# Pops, Clicks, Distortion - Ve Pro and Cubase



## kunst91 (Sep 3, 2015)

Hey all,

I am setting up my first template with Cubase and VE Pro, and needless to say I am having some issues. Most paramount, however, is that I am getting severe pops, clicks, distortion and even some volume drops in all of my instruments (even synths). Percussion is the least problematic, while strings sound like they're being run through a broken tube amp.

I have tried several different things--ASIO guard on/off, various buffers (0-4), running kontakt purged/unpurged, coupled/decoupled, same problem. I am running this on a trashcan with 32 GB of RAM. At first I thought it might just be a memory issue, but I loaded up one instance of Sable and had the same problem.

The only clue I have is that the distortion gets *worse *as I lower the buffers.

Any idea what I might be doing wrong? Thanks!


----------



## NYC Composer (Sep 3, 2015)

what buffer are you trying to run at, and what does your ASIO meter look like?


----------



## kdm (Sep 3, 2015)

I ran into this 3-4 years ago with Vepro on a slave (over LAN to Nuendo), but unfortunately never found a solution. All audio from VEPro sounded like it was only 4 bits - distorted and low level. I think it is a data stream sync issue, and possibly caused by some networking problem (which I suppose could happen with local hosting as well). I would try turning off all unused network devices - Wi-Fi, Bluetooth (if you don't need it for a keyboard or mouse)


----------



## jonathanwright (Sep 4, 2015)

Are you running a slave, or is VEP on the same computer as Cubase?

I had two issues with VEP, the first was that at first I was connecting to my slave via Wi-fi, rather than ethernet (doh!), the second was when I moved home. For some reason my new ISP/Router needed me to set up static IP addresses for both computers.

Do you still get the pops and clicks with a minimal template, just one VEP instance, with one loaded instrument?


----------



## doubleattack (Sep 4, 2015)

kdm said:


> I ran into this 3-4 years ago with Vepro on a slave (over LAN to Nuendo), but unfortunately never found a solution. All audio from VEPro sounded like it was only 4 bits - distorted and low level. I think it is a data stream sync issue, and possibly caused by some networking problem (which I suppose could happen with local hosting as well). I would try turning off all unused network devices - Wi-Fi, Bluetooth (if you don't need it for a keyboard or mouse)



Quote from VE PRO 5 Manual:

_There was quite some change to the CUBASE threading model since Cubase 7. This causes issues with a variety of plugins. Audio Input behaves very badly due to this change.
For now, we do not recommend using Audio Input Channels with Cubase 7 or Cubase 7.5. 

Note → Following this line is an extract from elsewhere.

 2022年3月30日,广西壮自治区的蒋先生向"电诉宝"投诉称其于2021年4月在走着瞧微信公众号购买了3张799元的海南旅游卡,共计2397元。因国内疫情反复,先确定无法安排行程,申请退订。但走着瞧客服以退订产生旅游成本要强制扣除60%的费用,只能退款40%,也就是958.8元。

In Cubase 8, you can deactivate ASIO GUARD 2 manually: 

[Menu] > Devices > Plug-in Manager > VST Instruments > Vienna Ensemble Pro > Click "i" for Plug-in information > Click to set ASIO Guard to Inactive. 

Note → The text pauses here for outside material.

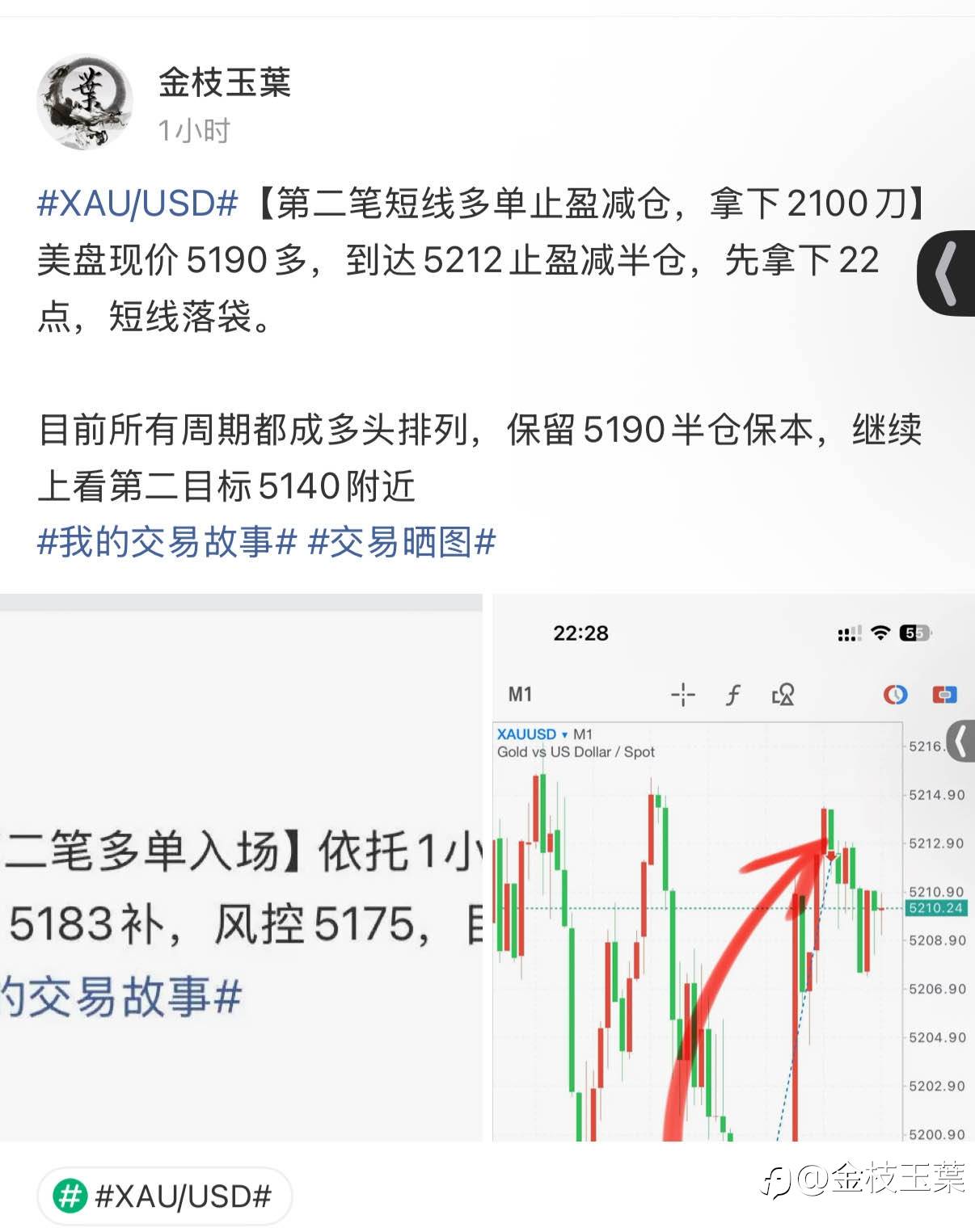 #XAU/USD# 【第二笔多单全部止盈离场,拿下6900刀】 美盘现价5190多,分别在5212止盈减仓,先拿下22点,随后底仓在5138止盈离场,再次拿下47点。 综合拿下22+47=69点 #我的交易故事# #交易晒图# 风险提示:本文所述仅代表作者个人观点,不代表 Followme 的官方立场。Followme 不对内容的准确性、完整性或可靠性作出任何保证,对于基于该内容所采取的任何行为,不承担任何责任,除非另有书面明确说明。

Please perform this operation on ALL VEPro Instrument and Fx plugins. Audio Input plugins will work properly thereafter. 
_
I suppose it's the same for Nuendo...


----------



## kunst91 (Sep 4, 2015)

doubleattack said:


> Quote from VE PRO 5 Manual:
> 
> _There was quite some change to the CUBASE threading model since Cubase 7. This causes issues with a variety of plugins. Audio Input behaves very badly due to this change.
> For now, we do not recommend using Audio Input Channels with Cubase 7 or Cubase 7.5.
> ...



If I remember correctly, I did try setting the ASIO guard to inactive, but perhaps I'll try again from scratch.



jonathanwright said:


> Do you still get the pops and clicks with a minimal template, just one VEP instance, with one loaded instrument?



At first I thought it was a big template thing. Then I loaded one instance with one instrument and had the same problems. 



kdm said:


> I ran into this 3-4 years ago with Vepro on a slave (over LAN to Nuendo), but unfortunately never found a solution. All audio from VEPro sounded like it was only 4 bits - distorted and low level. I think it is a data stream sync issue, and possibly caused by some networking problem (which I suppose could happen with local hosting as well). I would try turning off all unused network devices - Wi-Fi, Bluetooth (if you don't need it for a keyboard or mouse)

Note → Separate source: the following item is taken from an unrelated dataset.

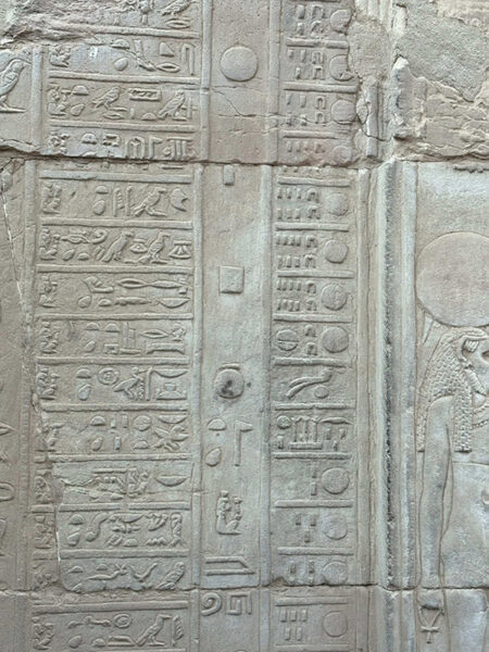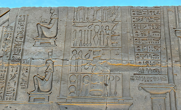神殿中的一面牆上刻著古埃及的太陽曆,據說這是人類史上最早的日曆,而且日曆上還刻有祭祀活動的日程表。日曆上分三個季節,一季四個月,從尼羅河洪水季節、播種季到豐收季。一年十二個月,一個月三十天,另外的五天則是五大神明的節慶祭祀日,如此一年三百六十五天的不斷循環。日曆上的一豎代表一日,小拱門代表十。依據豎劃,可以清楚地算出幾號,例如兩豎加一個小拱門就是十二號。但豎劃只畫到八;九則是以圓形中間加一橫為代表,若加兩個拱門就是二十九。第十天,也不是以豎劃計算,而是以圖案代替。譬如豐收季結束時,那個月的第三十天就畫一個稻禾圖案作為代表。每一天的旁邊皆有兩幅象形圖案,可能像我國的農民曆一樣,表示那一天可以做甚麼樣的事及該做的祭祀活動。雖然看不懂古埃及的象形文字,也不知標示著怎樣的祭祀活動,但依據豎劃及拱門等圖案,不難算出幾月幾號。

I'm running everything on my Mac, getting a PC slave in a few months. Are the network issues still relevant with everything on the same computer?



NYC Composer said:


> what buffer are you trying to run at, and what does your ASIO meter look like?



I'll have to double check when I get home.

Additionally, perhaps importantly perhaps not, I had none of these issues with Logic. Everything worked great "out of the box." This could also very well be (and likely is) a lack of familiarity with Cubase on my part.


----------



## patrick76 (Sep 4, 2015)

What worked for me when I was having issues was to diconnect both computers from the internet and then turn off the firewalls on both computers. I wasn't thrilled with having to do that, but it works flawlessly for me so I put up with it.


----------



## kunst91 (Sep 4, 2015)

patrick76 said:


> What worked for me when I was having issues was to diconnect both computers from the internet and then turn off the firewalls on both computers. I wasn't thrilled with having to do that, but it works flawlessly for me so I put up with it.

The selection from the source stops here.